_TASK INPUTS_:
'''

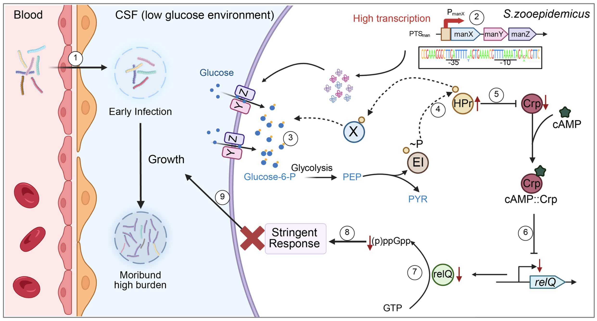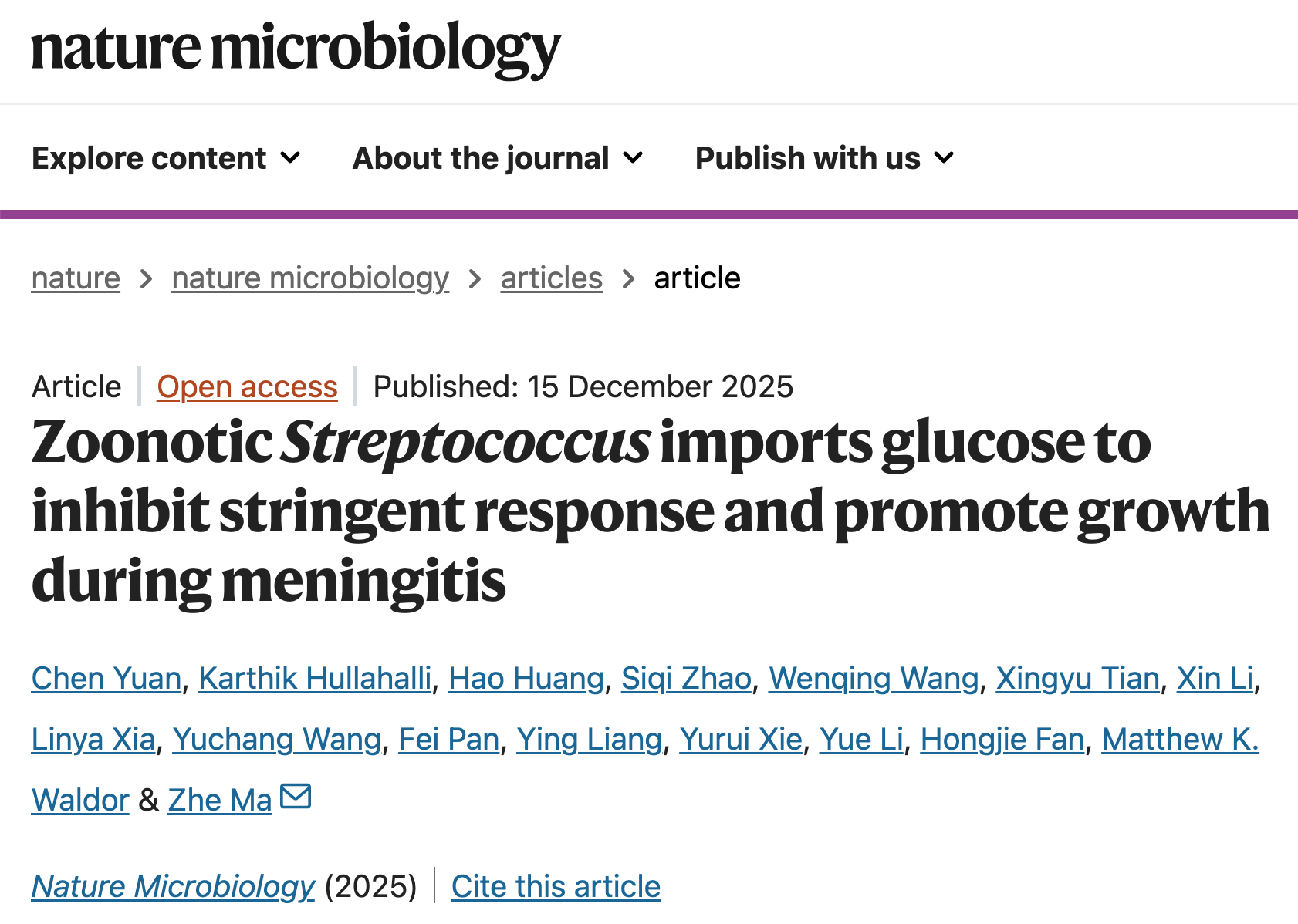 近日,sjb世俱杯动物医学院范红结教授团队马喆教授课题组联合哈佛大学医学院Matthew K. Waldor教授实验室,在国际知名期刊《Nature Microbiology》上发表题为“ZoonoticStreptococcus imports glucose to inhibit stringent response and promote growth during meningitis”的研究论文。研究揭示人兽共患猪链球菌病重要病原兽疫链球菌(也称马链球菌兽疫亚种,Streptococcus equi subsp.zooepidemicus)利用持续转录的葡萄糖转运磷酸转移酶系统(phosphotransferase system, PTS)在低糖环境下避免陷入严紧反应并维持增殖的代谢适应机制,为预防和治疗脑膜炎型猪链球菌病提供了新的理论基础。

'''
'''

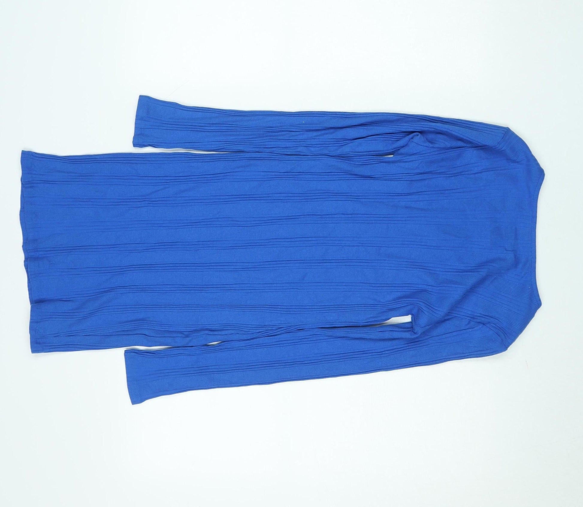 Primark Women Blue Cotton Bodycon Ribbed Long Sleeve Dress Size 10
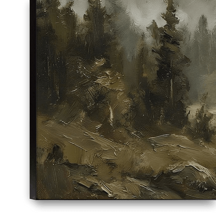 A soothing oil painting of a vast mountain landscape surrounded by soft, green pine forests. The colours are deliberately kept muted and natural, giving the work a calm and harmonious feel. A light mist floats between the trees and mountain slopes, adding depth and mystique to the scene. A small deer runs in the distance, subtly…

'''
'''

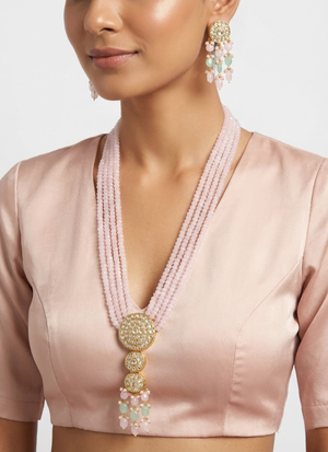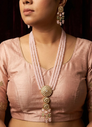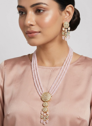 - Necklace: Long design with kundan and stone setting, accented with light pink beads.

'''

_WORK TO BE COMPLETED_:
Please output the lines above beginning at the line with "Primark Women Blue" and ending after the line with "A soothing oil", precisely as written and with no pictures.

_SOLUTION TO THE EXERCISE_:
 Primark Women Blue Cotton Bodycon Ribbed Long Sleeve Dress Size 10
 A soothing oil painting of a vast mountain landscape surrounded by soft, green pine forests. The colours are deliberately kept muted and natural, giving the work a calm and harmonious feel. A light mist floats between the trees and mountain slopes, adding depth and mystique to the scene. A small deer runs in the distance, subtly…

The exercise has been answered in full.